Di daerah Banyumas, orang tua suka memperingatkan anaknya saat hari menjelang malam, "Sende kala aja neng jaba, mbokan di gawa kelong" (Hari menjelang malam jangan main-main di luar rumah, nanti dibawa Kelong Wewe). Ternyata yang dimaksud disini adalah Kelong Wewe yang didaerah Semarang, Jawa Tengah dinamakan, Wewe Gombel.
Menurut versi daerah Semarang, Jawa Tengah yang dipercaya sebagai daerah Wewe Gombel itu berasal yaitu gunung Gombel adalah berawal dari seorang perempuan yang malang karena diusir oleh suaminya lantaran dalam berumah tangga tidak bisa memberikan keturunan atau anak.
Pengusiran keji yang dilakukan tidak sekedar disuruh pergi begitu saja, akan tetapi untuk memastikan istrinya tidak kembali, sisuami melakukan cara yaitu dengan membuangnya disuatu tempat yang jauh sekiranya dia tidak akan bisa kembali.
Dalam derita pembuangan, istrinya tetap berusaha untuk kembali hingga akhirnya menemukan jalan kembali.
Namun apa yang terjadi, setelah susah payah mencari jalan untuk dapat kembali, sampai dirumah ia menemukan suaminya sedang tidur bersama wanita lain.
Sakit hati, kecewa dan dendam telah menggelapkan matanya disaat itu juga. Si istri itu kalap dan langsung membunuh suaminya.
Kejadian itu sontak menjadikan kampung ramai setelah diketahui perempuan kalap itu membunuh suaminya. Perempuan itu kemudian melarikan diri ke sebuah bukit yang bernama Bukit Gombel.
Warga kampung beramai-ramai mengejarnya.Tapi pengejarannya sia-sia saja, karena sampai di bukit Gombel perempuan itu sudah tergantung tak bernyawa, rupanya perempuan itu bunuh diri demi menjaga harga dirinya.
Sejak peristiwa itu arwah perempuan itu gentayangan dan suka menampakan diri sebagai hantu wewe, masyarakat menyebutnya, Wewe Gombel.
Lebih dari itu, dikisahkan dalam mitos, Wewe Gombel dalam gentayangannya mempunyai kesenangan menculik anak-anak.
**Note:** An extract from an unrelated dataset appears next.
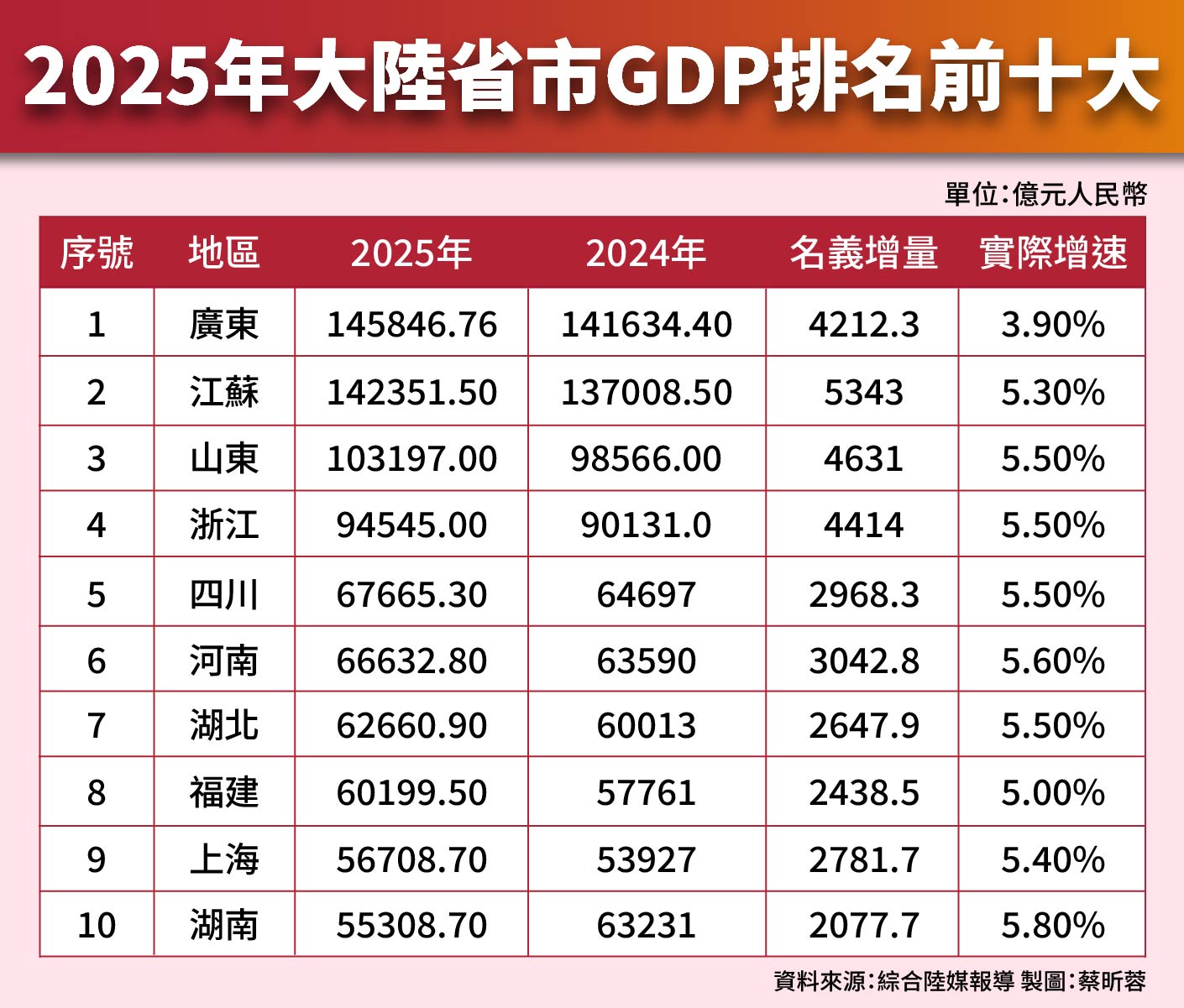 大陸31個省(市、自治區)2025年經濟成績單全部爐,呈現一幅「頭部穩固、中西部突圍、尾部分化」新版圖。廣東以14.58兆元(人民幣,下同,合約台幣66兆元)GDP連37年稱霸全國,江蘇首破14兆元、山東衝破10兆元,三省攜手闖入「10兆俱樂部」,十強門檻飆升至5.5兆元。

Anak-anak yang diculiknya disembunyikan disebuah tempat yang tidak seorangpun tahu karena disembunyikan dialamnya yaitu alam ghoib.
Dalam persembunyiannya, anak yang diculiknya dikasih makan tahi kucing, akan tetapi dalam penglihatan sianak tersebut bukanlah tahi kucing, tapi sebuah makanan yang lezat sebagaimana makanan kesukaan anak-anak.
Anak yang diculik baru akan dilepaskan dari persembunyiannya ke alam manusia setelah orang tuanya menyesal, mencari-cari dengan penuh kekewatiran.
Pencarian ke berbagai tempat dilakukan oleh orang tuanya dibantu oleh warga berbondong-bondong. Setelah lama pencarian dilakukan dengan susah payah biasanya dengan tiba-tiba anak itu akan muncul begitu saja, di semak-semak, diatas batu, bahkan sering diatas pohon.
Saat baru diketemukan, anak biasanya gagu atau tidak dapat berbicara seperti terbungkam. Dan iapun tidak langsung dapat mengingat apa yang baru terjadi.
Ambil hikhmah didalam cerita mitos ini. Bagi para orang tua, melarang anak-anaknya bermain-main diluar rumah saat waktu tengah senjakala sepertinya tidak ada salahnya, mengingat bahwa waktu senjakala merupakan peralihan batas waktu siang kepada malam yang bertepatan dengan waktu sholat maghrib dan setelah sholat maghrib waktu biasanya digunakan untuk mengaji, sangatlah tidak tepat digunakan untuk bermain-main. Lebih baik waktu digunakan untuk mendekatkan diri kepada Sang Pencipta dengan berdo'a, belajar agama dan ibadah-ibadah lainnya.